> Exercise description: Retype the records below exactly as they stand, but with no images.

╔══

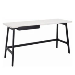 The MOREY Study Desk is a lightweight working desk that is ideal for studying from a laptop or workbook. It has Black legs, a white lacquered top and a small drawer in black ash veneer.
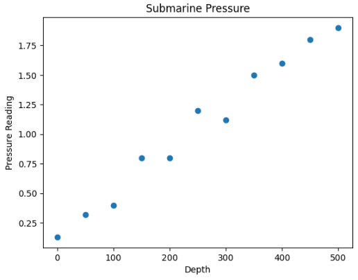 This could be any data. I will make up a story about this data and say that this is different pressure readings (ys) on a submarine at certain depths (xs).
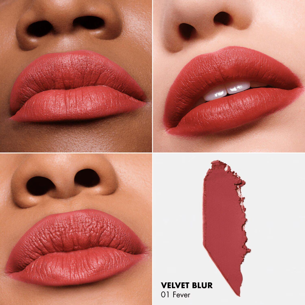 لون متسق بلمسة واحدة. يوفر فيلفيت بلار (VELVET BLUR) لونًا بصبغة عميقة بلمسة واحدة. تبدو تركيبة أحمر الشفاه غير اللامعة الخفيفة والمشبعة بالرطوبة خفيفة جدًا بمجرد وضعها وتدوم حتى 12 ساعة*، بينما يعانق الطرف المخصص على شكل قبة شفتيك لتتألقي أينما تكونين.
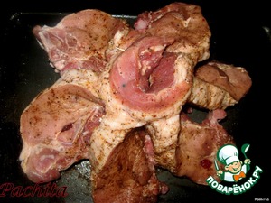 Натереть солью, перцем и корицей. Оставить пропитываться на 15-20 минут.
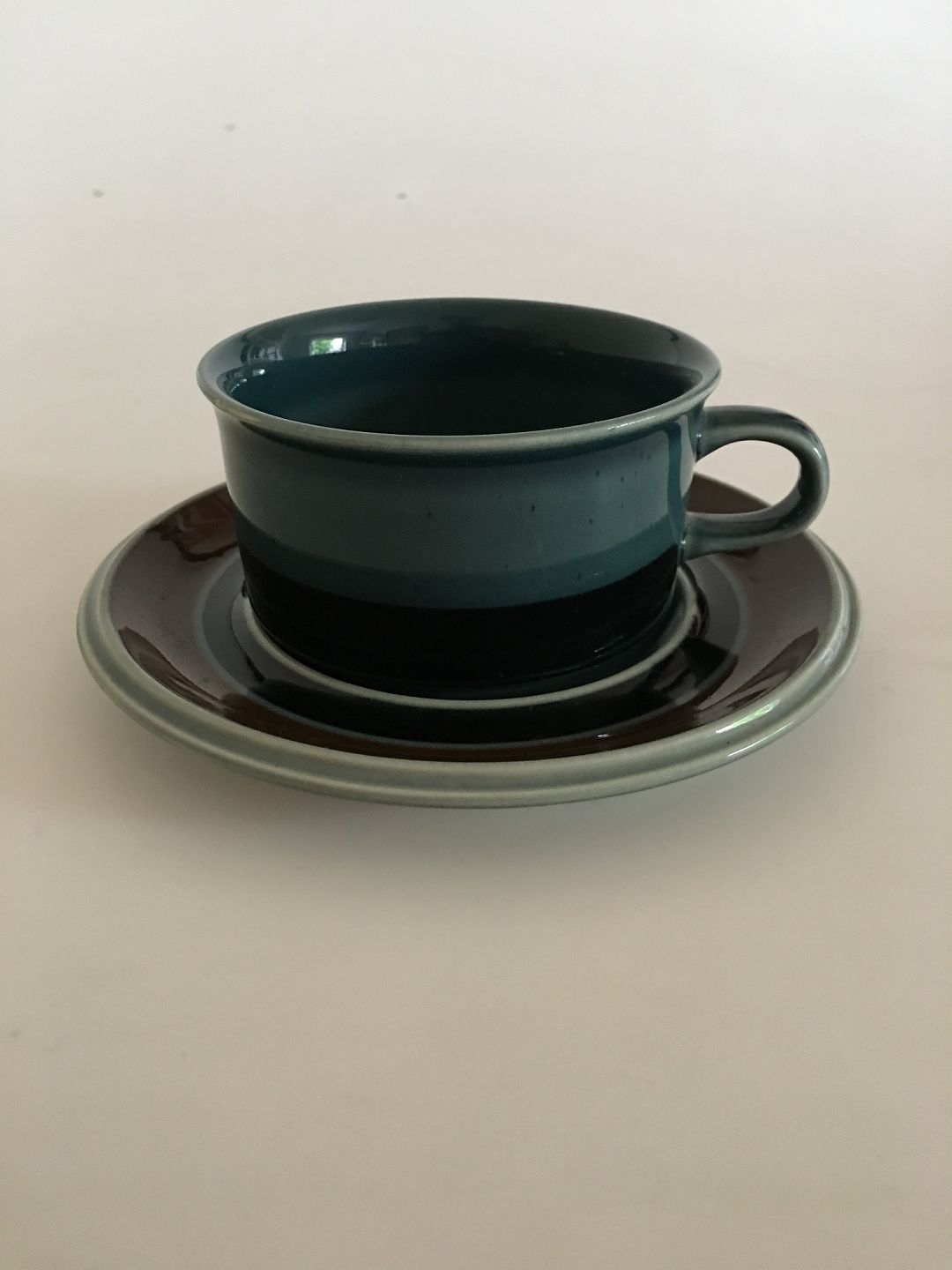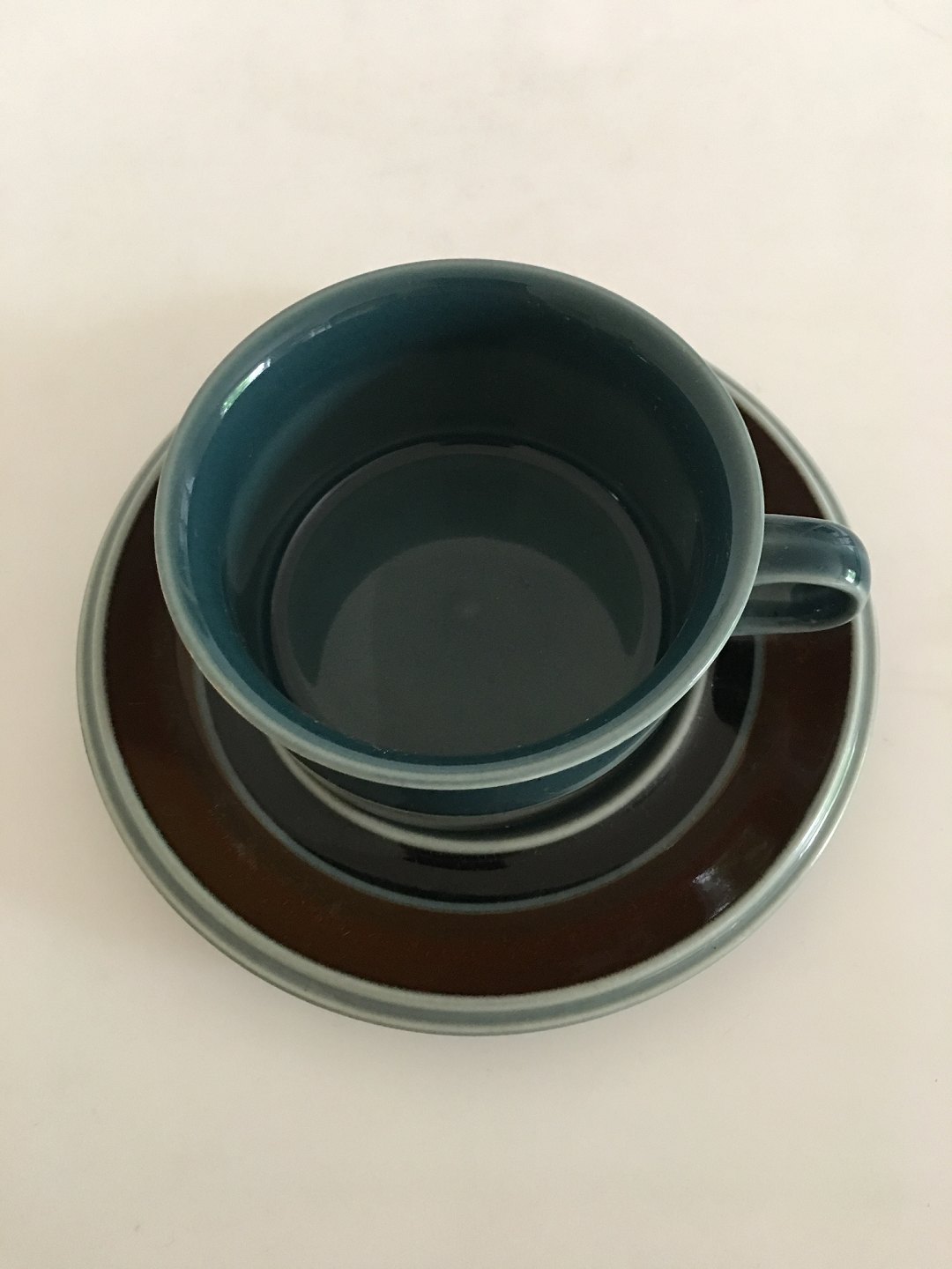 Arabia Finland "Meri Blå" Tekop med Underkop. Tekop måler 5.5 cm H. 10 cm dia. I perfekt stand
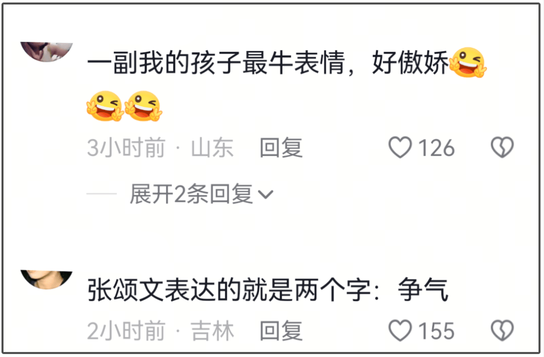 甚至有粉丝解释他不是臭脸,只是想向外人表达内娱演员“争气”,还有人说张颂文分明是一副“我的孩子(妹子)最牛的表情”。
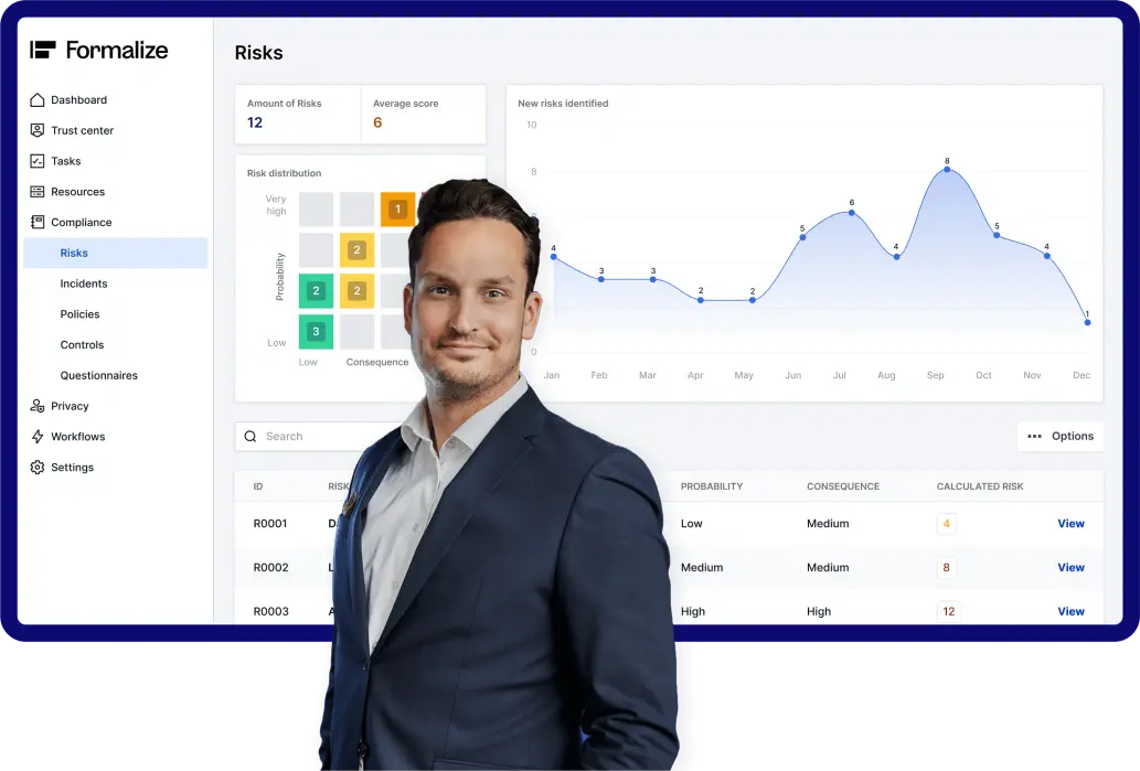 Formalize is designed to simplify your compliance processes and effectively manage various regulations and frameworks, including NIS 2, DORA and ISO 27001. With integrated risk management and incident management features, our software ensures seamless compliance. Enhance your ISMS (Information Security Management System) with comprehensive tools tailored for both the seasoned CISO and new compliance officers. Formalize provides efficient, user-friendly compliance management, keeping your organization ahead in regulatory standards. Explore how you can speed up NIS 2. Book a demo today.
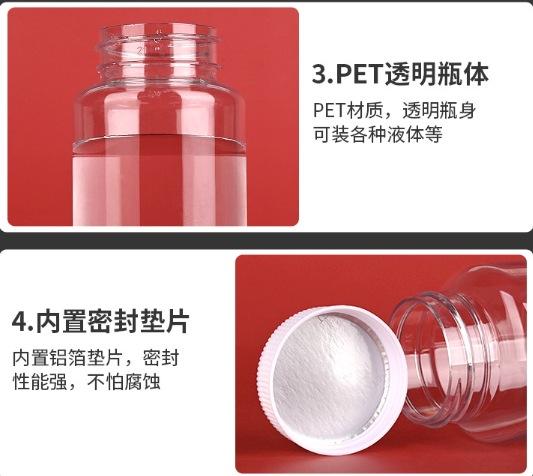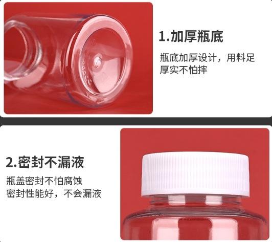 Botella de plástico de gran calibre, subenvase transparente, botella de plástico engrosada con tapa blanca, muestra de PET sellada, botella pequeña vacía
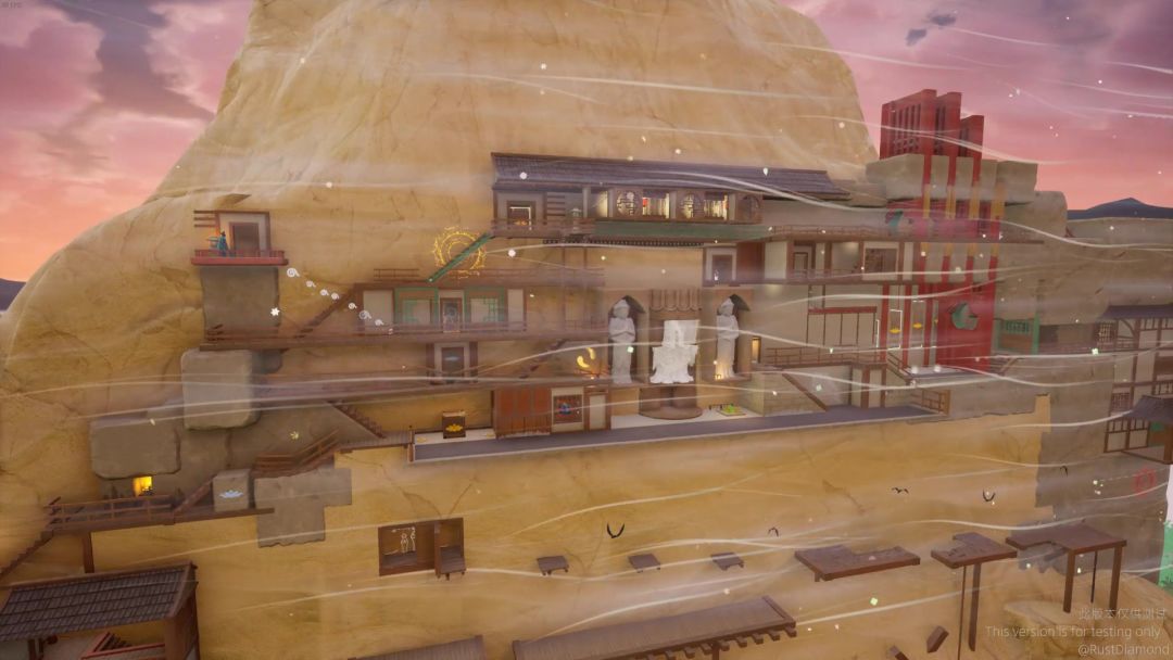 《藏梦》中对于栈道最大利用主要集中在第二章的最终谜题,基本上是在图中所示栈道的结构基础上进行的关卡设计,虽然这给解谜设置了一定限制,但我们希望极可能地还原这座空中佛阁的结构美感。毕竟,无论这石窟还是栈道都凝结着无数古代无名工匠的大部分人生。
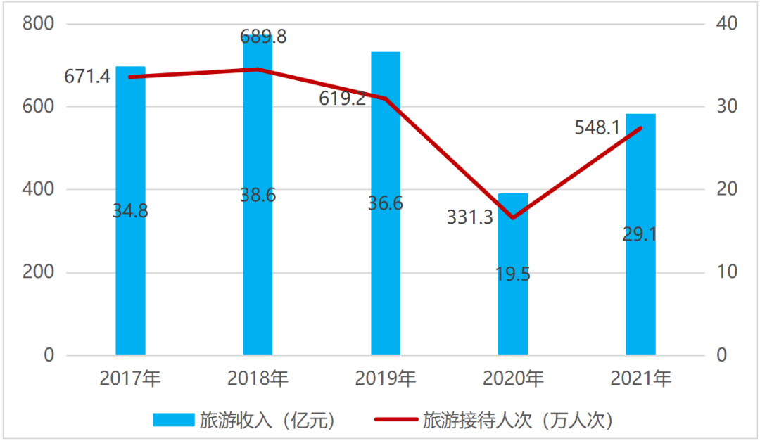 數(shù)據(jù)來源:2017年-2021年北京市分區(qū)旅游數(shù)據(jù)統(tǒng)計報告。圖3  2017年-2021年平谷區(qū)旅游收入及接待人次情況
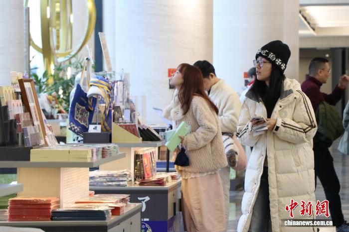 11月27日,游客在新疆博物館挑選“五星出東方利中國(guó)”系列文創(chuàng)產(chǎn)品?!∑埨^鵬 攝
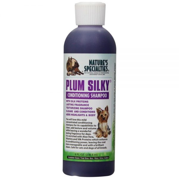 2. Łagodny szampon Plum Silky firmy Natures Specialties wysoko skoncentrowany, doskonale czyści, wygładza, utrzymuje odpowiednią teksturę sierści. Najlepiej znany ze swojego wspaniałego, długotrwałego zapachu. Koncentrat 1:24
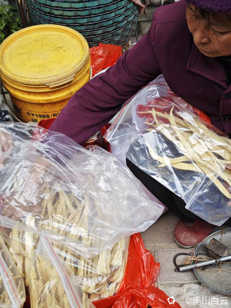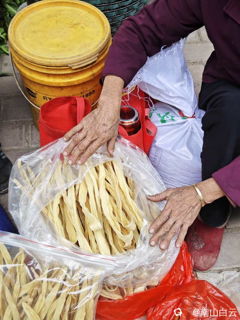 南边山腐竹,也是用地名命名品牌,价格不一样。我买的价格是32元一斤。买腐竹的大妈是附近东京岭村人,腐竹炒肉好吃,感觉不错。

╚══

> Exercise result:
 The MOREY Study Desk is a lightweight working desk that is ideal for studying from a laptop or workbook. It has Black legs, a white lacquered top and a small drawer in black ash veneer.
 This could be any data. I will make up a story about this data and say that this is different pressure readings (ys) on a submarine at certain depths (xs).
 لون متسق بلمسة واحدة. يوفر فيلفيت بلار (VELVET BLUR) لونًا بصبغة عميقة بلمسة واحدة. تبدو تركيبة أحمر الشفاه غير اللامعة الخفيفة والمشبعة بالرطوبة خفيفة جدًا بمجرد وضعها وتدوم حتى 12 ساعة*، بينما يعانق الطرف المخصص على شكل قبة شفتيك لتتألقي أينما تكونين.
 Натереть солью, перцем и корицей. Оставить пропитываться на 15-20 минут.
 Arabia Finland "Meri Blå" Tekop med Underkop. Tekop måler 5.5 cm H. 10 cm dia. I perfekt stand
 甚至有粉丝解释他不是臭脸,只是想向外人表达内娱演员“争气”,还有人说张颂文分明是一副“我的孩子(妹子)最牛的表情”。
 Formalize is designed to simplify your compliance processes and effectively manage various regulations and frameworks, including NIS 2, DORA and ISO 27001. With integrated risk management and incident management features, our software ensures seamless compliance. Enhance your ISMS (Information Security Management System) with comprehensive tools tailored for both the seasoned CISO and new compliance officers. Formalize provides efficient, user-friendly compliance management, keeping your organization ahead in regulatory standards. Explore how you can speed up NIS 2. Book a demo today.
 Botella de plástico de gran calibre, subenvase transparente, botella de plástico engrosada con tapa blanca, muestra de PET sellada, botella pequeña vacía
 《藏梦》中对于栈道最大利用主要集中在第二章的最终谜题,基本上是在图中所示栈道的结构基础上进行的关卡设计,虽然这给解谜设置了一定限制,但我们希望极可能地还原这座空中佛阁的结构美感。毕竟,无论这石窟还是栈道都凝结着无数古代无名工匠的大部分人生。
 數(shù)據(jù)來源:2017年-2021年北京市分區(qū)旅游數(shù)據(jù)統(tǒng)計報告。圖3  2017年-2021年平谷區(qū)旅游收入及接待人次情況
 11月27日,游客在新疆博物館挑選“五星出東方利中國(guó)”系列文創(chuàng)產(chǎn)品?!∑埨^鵬 攝
 2. Łagodny szampon Plum Silky firmy Natures Specialties wysoko skoncentrowany, doskonale czyści, wygładza, utrzymuje odpowiednią teksturę sierści. Najlepiej znany ze swojego wspaniałego, długotrwałego zapachu. Koncentrat 1:24
 南边山腐竹,也是用地名命名品牌,价格不一样。我买的价格是32元一斤。买腐竹的大妈是附近东京岭村人,腐竹炒肉好吃,感觉不错。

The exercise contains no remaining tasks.